I’ve been trying for a while to make “low maintenance” kitchen knives, primarily as gifts (most people don’t take great care of knives). One of the roads that led me down was casting epoxy handles over my own stainless blades. 















All of the knives shown are AEB-L with an epoxy following FDA criteria for ingredients and migration for food safety, with a high heat deflection temperature, for the handles. I know you shouldn’t run a nice knife through a dishwasher, but it doesn’t kill these ones. I currently have made molds for chef and paring knives (which with a slightly thicker blade became my main trout fishing knife, the one in green and black). If you’re careful, you can overmold a second material, like silicone for grip. Below are a few shots of the mold making/casting process. Thanks fie looking, questions and feedback on the designs certainly welcomed!


----------



## KitchenCommander (May 26, 2022)

Something you don't see every day.
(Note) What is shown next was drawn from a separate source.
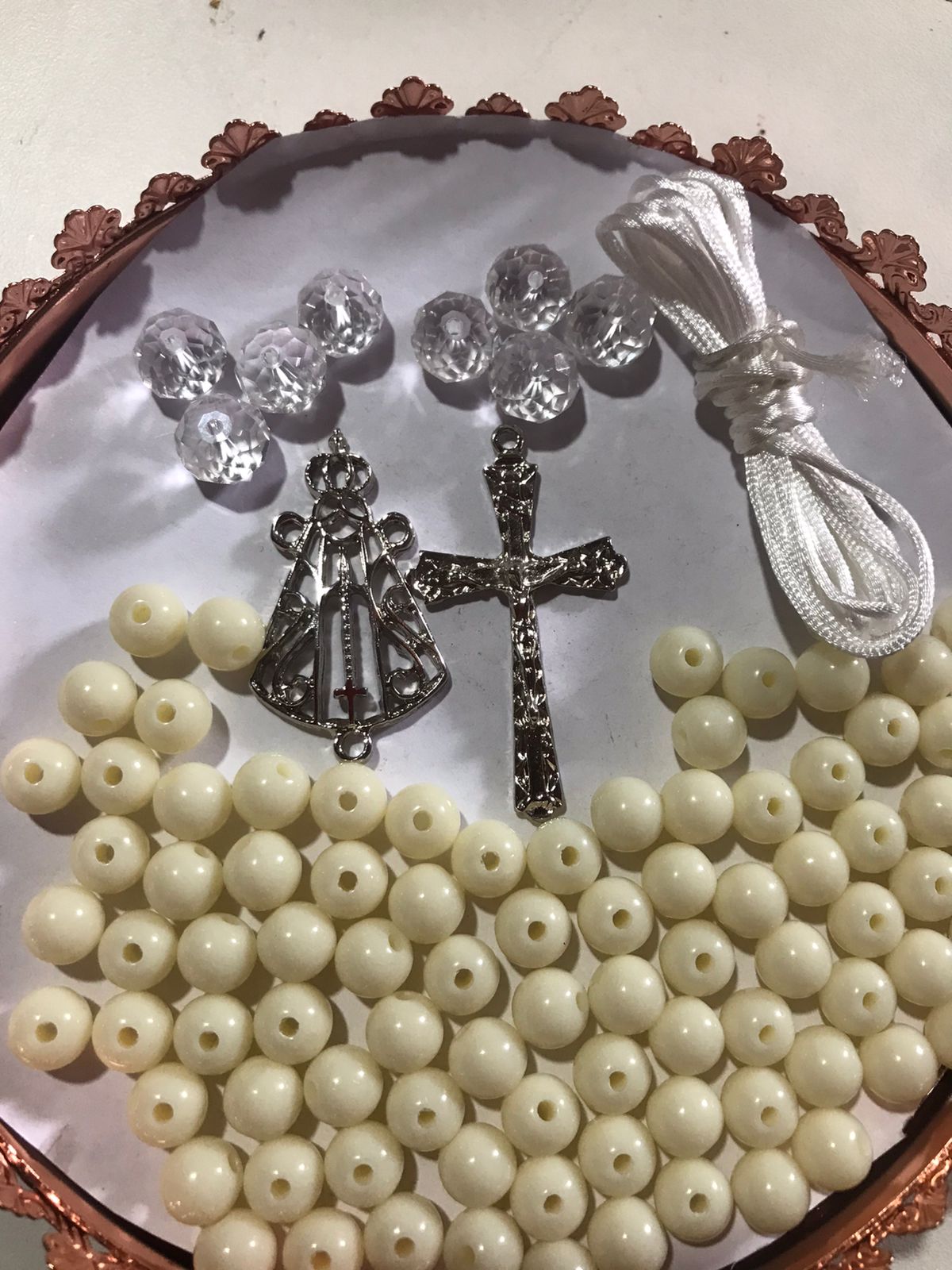 KIT TERÇO AMARELO OFF COM ENTREMEIO E CRUZ PRATA

Very cool. What does the tang inside the handles look like? Is this easier/cheaper than a full tang construction?


----------



## AidenCC (May 26, 2022)

Thanks! It's been an interesting journey to acquire all of the skills and equipment to be able to actually make these.





Here is a picture of a bunch of blades before grinding. The tangs get some notches like the last one but I leave the to the end so they are more comfortable to hold onto. 
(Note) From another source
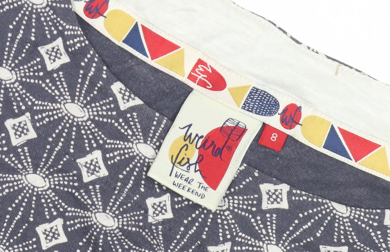 Weird Fish Women's Blue Geometric T-Shirt Size 8

As for cost, I would say they are a fair bit cheaper to make in time and materials than a knife with a "typical" handle for me if you consider one with the same heat/moisture resistance (such as resin scales + corby fasteners):

For materials ~$18 less:
-4 Oz of the resin I use is $3.67, typical cast scales are ~$15
-3 stainless Corby fasteners $6.75, $0 for the cast handle

For time ~ 1 15 minutes hour less:
- 30 minutes to degas and pour resin vs 1 hour to drill, fit up, and glue a hidden tang
- 30 minutes to clean up vs 1 hour to shape and finish a hidden tang
- Grinding takes ~ 15 mins less with easier transition to tang

Consumables ~$5 less:
- No sanding belts used for handle shaping

Pain and suffering, priceless:
- Grinding is much easier with no cross section change from blade to tang
- You can have a beer while waiting for the resin to degas
- No worrying about ruining the knife while shaping the handle with power tools

For a chef knife like this, you can shave off 1/3 -1/2 the cost of the knife, depending on other factors. As for easier, I would say that making molds has a steep learning curve and is always time consuming, but using them is pretty straight forward.


----------